** Material to process follows **

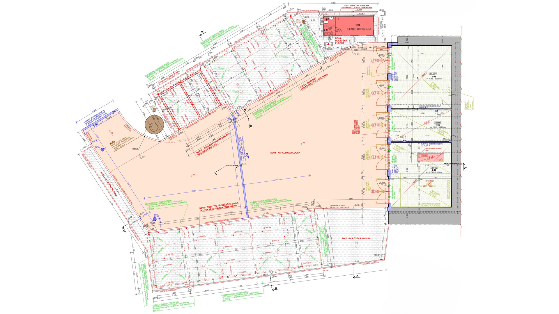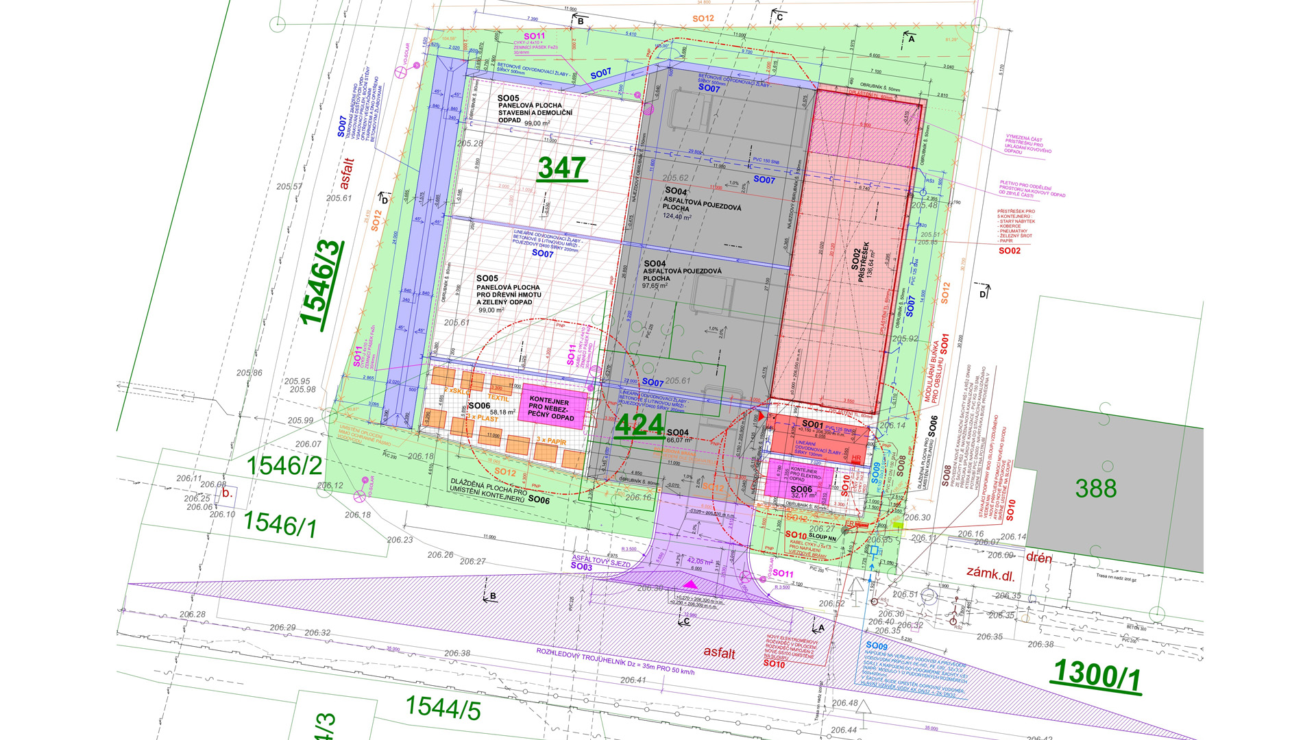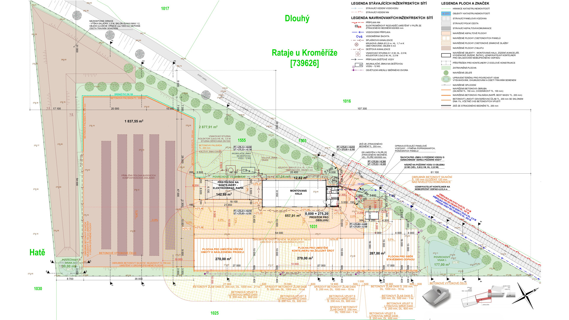 Jednalo se o rozsáhlý areál, kde se navrhovala ocelová opláštěná hala, zázemí pro zaměstnance, ocelový přístřešek a zpevněné plochy pro kompostárnu a pro ukládání jednotlivého materiálu.
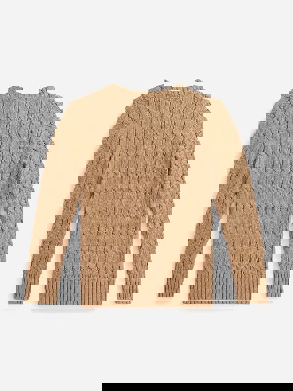 This Ralph Lauren Kids cable knit jumper comes in camel heather for a classic look with a clean, unisex finish. Made from 100% cotton, it has a soft knit handle and a traditional round neckline. Long sleeves and a pullover shape keep the design simple, while the embroidered logo adds a recognisable Ralph Lauren detail.
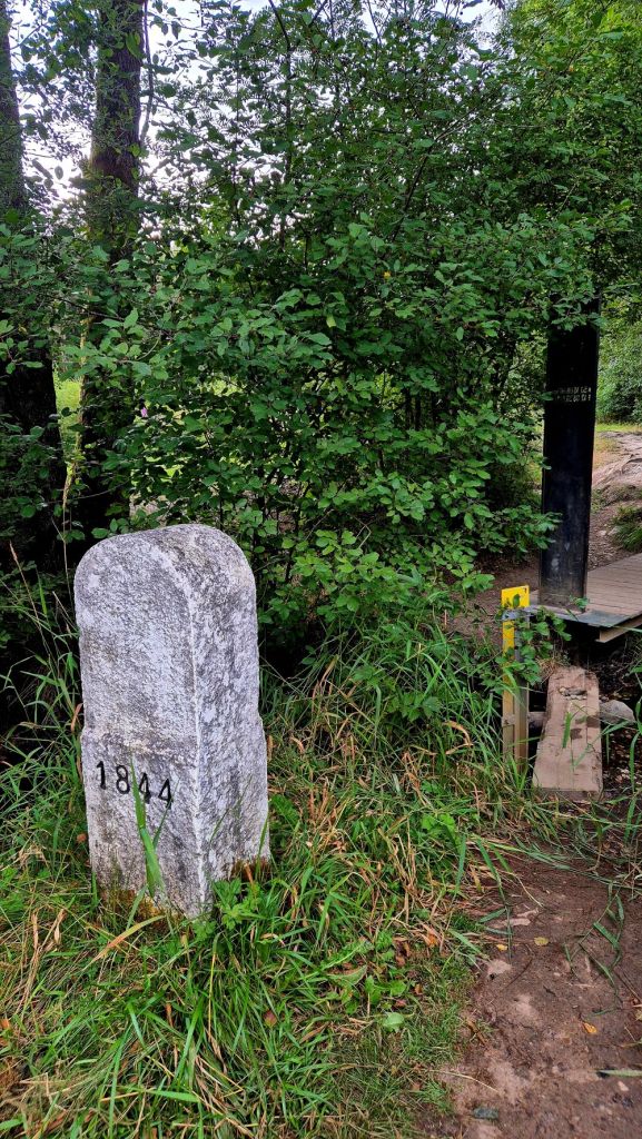 The walk from the car park was pleasant along woodland tracks and it was not long before we saw border markers and signs. There was a small shelter near the westernmost point where 2 friendly Czech hikers were having breakfast. They told us about the Europe Bridge. The Westernmost point is marked by a monument situated in the centre of the stream and its possible to cross the stream into Germany (and back).
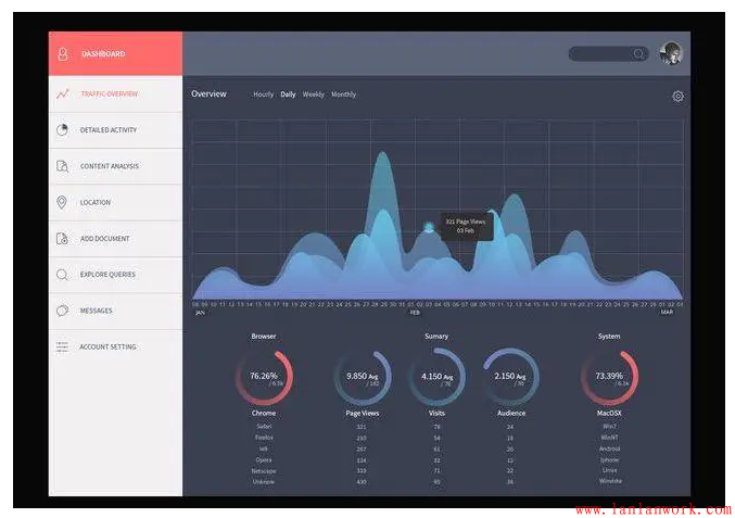 1)深色背景。適合較少信息內容。
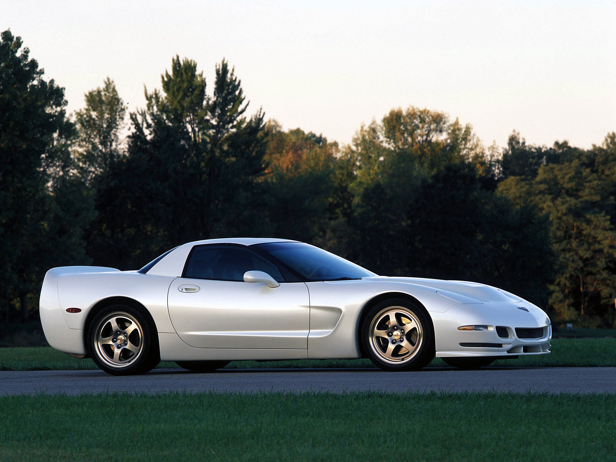 The Corvette Z06 "White Shark" Concept was a tribute to another Chevy concept car from the 1960s, the Mako Shark Corvette. While that concept was all black, Chevy went with white for this modern reinterpretation. The exterior was painted in Shark Sand tri-stage pearl paint, a unique front facia with chin spoiler, air extracting hood, nickel plated five-spoke alloy wheels and a European tail light package. Inside there was aluminum pedals and black/Klein Karoo ostrich/cowhide leather trim interior.
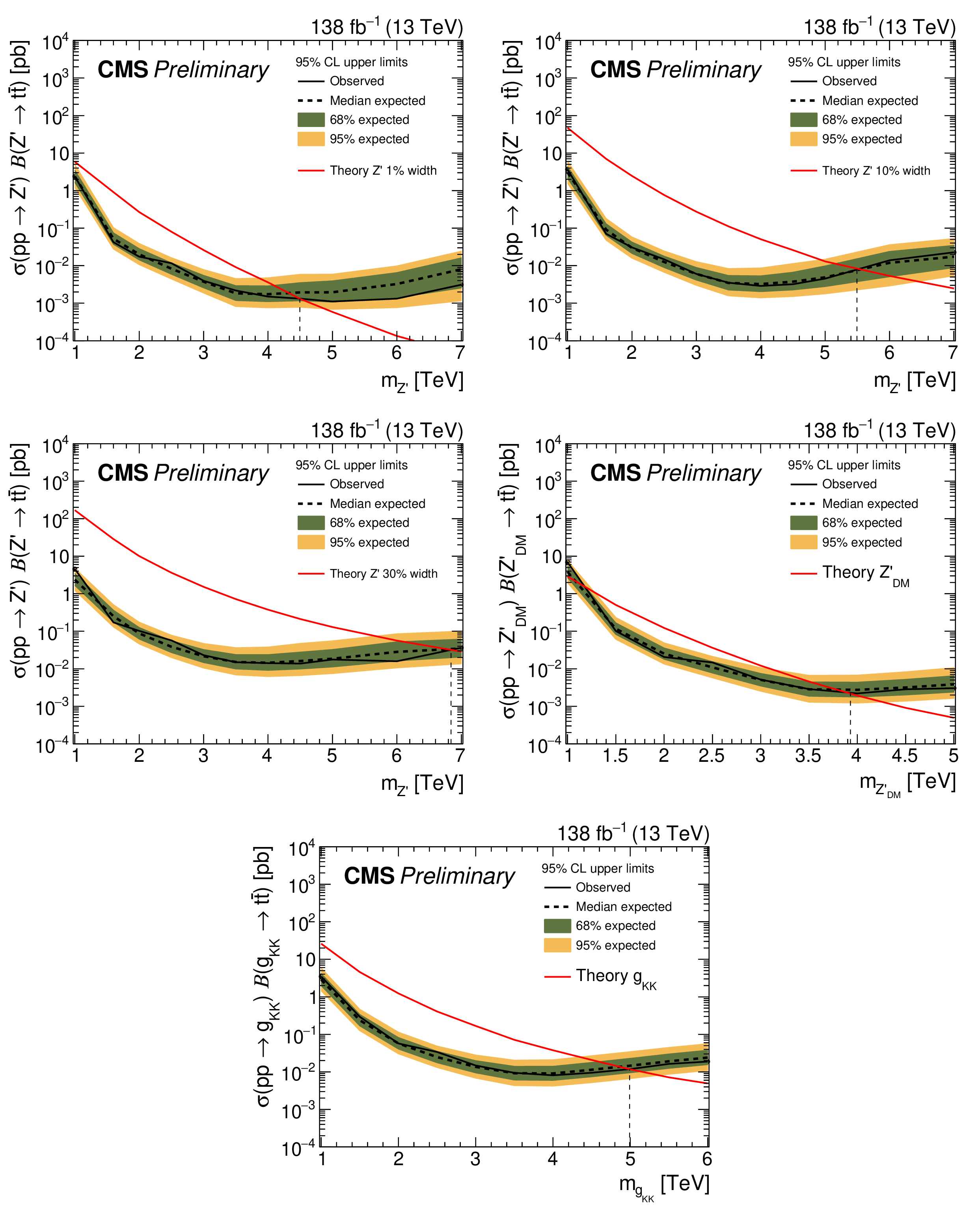 Expected and observed 95% CL upper limits on the cross section times branching ratio for five signal scenarios with three different width hypotheses: 1%, 10%, and 30%, as well as $ Z_{DM} $ and $ g_{KK} $, as a function of the new heavy particle mass. The five models considered are: a Z' boson with a width of 1% of its mass (upper left), a Z' boson with a width of 10% (upper right), a Z' boson with a width of 30% (lower left), $ Z_{DM} $ (lower right), and an RS KK gluon (bottom). The dashed black line represents the median expected limit, while the solid black line denotes the observed limit. The green (yellow) bands correspond to the one (two) sigma expected limit deviations. The solid red line shows the theoretical cross section expected for the signal process of interest. |
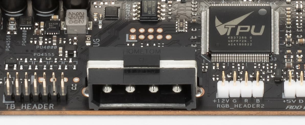 Для случая использования двух мощных видеокарт одновременно имеется опциональный разъем дополнительного питания типа «Molex».
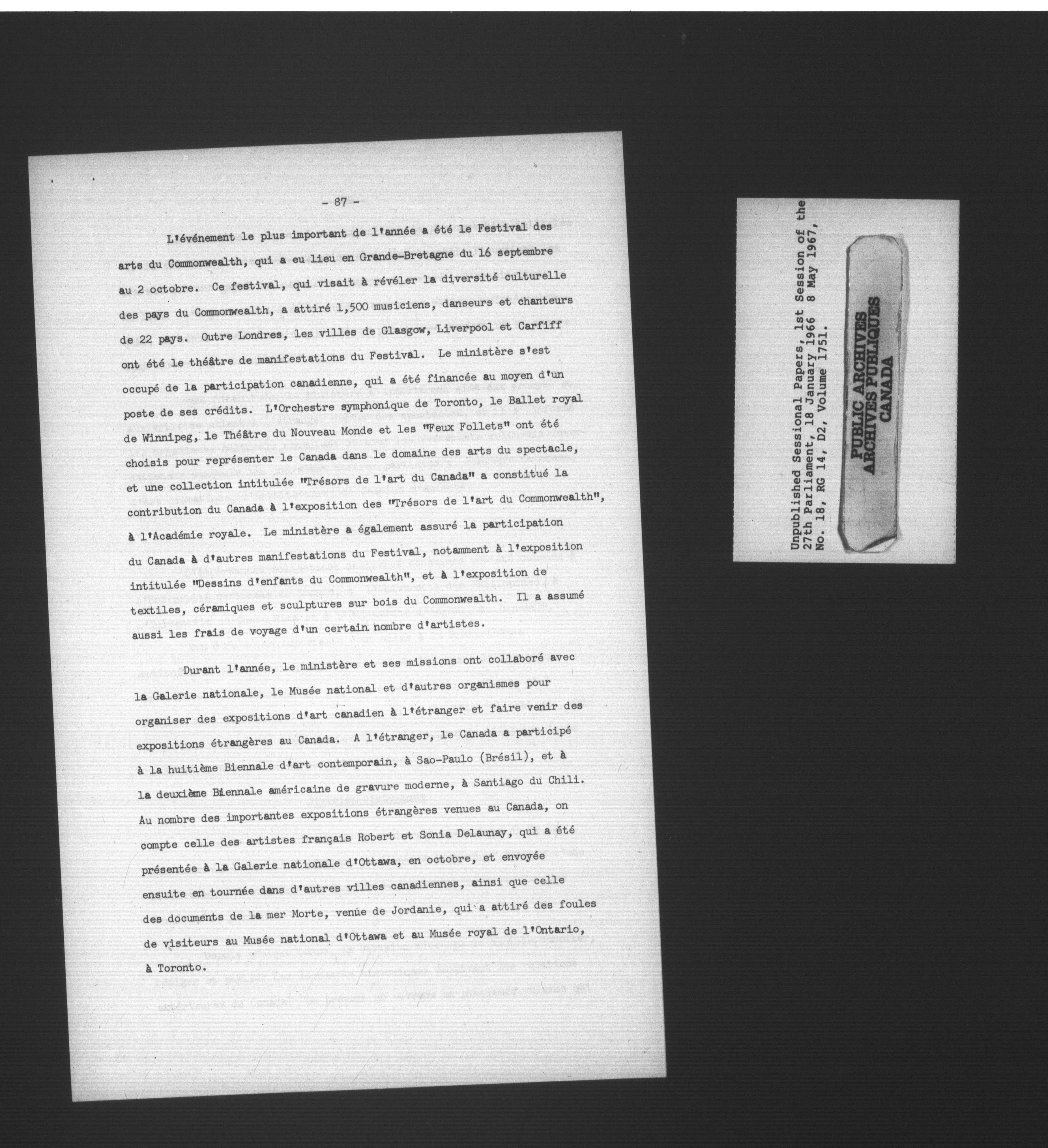 Unpublished sessional papers, 1st Session, 27th Parliament - 3689
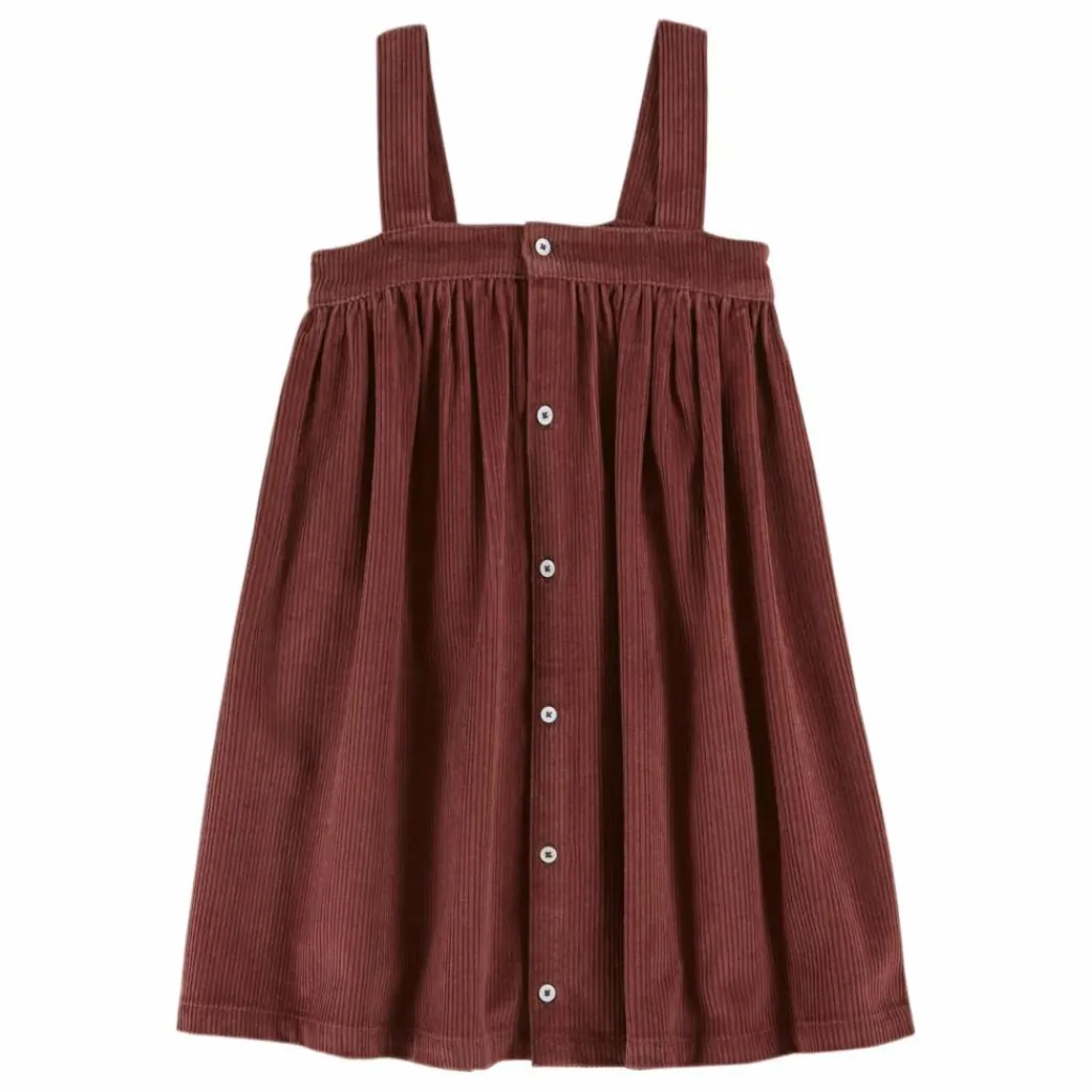 - Robe à bretelles en coton violine se dintinguant par ses fronces qui s’évasent librement jusqu’en bas de la robe.

** End of Material to process **

Once the pictures are set aside, give the rest of the listing again exactly.

Solution for this exercise ::
 Jednalo se o rozsáhlý areál, kde se navrhovala ocelová opláštěná hala, zázemí pro zaměstnance, ocelový přístřešek a zpevněné plochy pro kompostárnu a pro ukládání jednotlivého materiálu.
 This Ralph Lauren Kids cable knit jumper comes in camel heather for a classic look with a clean, unisex finish. Made from 100% cotton, it has a soft knit handle and a traditional round neckline. Long sleeves and a pullover shape keep the design simple, while the embroidered logo adds a recognisable Ralph Lauren detail.
 The walk from the car park was pleasant along woodland tracks and it was not long before we saw border markers and signs. There was a small shelter near the westernmost point where 2 friendly Czech hikers were having breakfast. They told us about the Europe Bridge. The Westernmost point is marked by a monument situated in the centre of the stream and its possible to cross the stream into Germany (and back).
 1)深色背景。適合較少信息內容。
 The Corvette Z06 "White Shark" Concept was a tribute to another Chevy concept car from the 1960s, the Mako Shark Corvette. While that concept was all black, Chevy went with white for this modern reinterpretation. The exterior was painted in Shark Sand tri-stage pearl paint, a unique front facia with chin spoiler, air extracting hood, nickel plated five-spoke alloy wheels and a European tail light package. Inside there was aluminum pedals and black/Klein Karoo ostrich/cowhide leather trim interior.
 Expected and observed 95% CL upper limits on the cross section times branching ratio for five signal scenarios with three different width hypotheses: 1%, 10%, and 30%, as well as $ Z_{DM} $ and $ g_{KK} $, as a function of the new heavy particle mass. The five models considered are: a Z' boson with a width of 1% of its mass (upper left), a Z' boson with a width of 10% (upper right), a Z' boson with a width of 30% (lower left), $ Z_{DM} $ (lower right), and an RS KK gluon (bottom). The dashed black line represents the median expected limit, while the solid black line denotes the observed limit. The green (yellow) bands correspond to the one (two) sigma expected limit deviations. The solid red line shows the theoretical cross section expected for the signal process of interest. |
 Для случая использования двух мощных видеокарт одновременно имеется опциональный разъем дополнительного питания типа «Molex».
 Unpublished sessional papers, 1st Session, 27th Parliament - 3689
 - Robe à bretelles en coton violine se dintinguant par ses fronces qui s’évasent librement jusqu’en bas de la robe.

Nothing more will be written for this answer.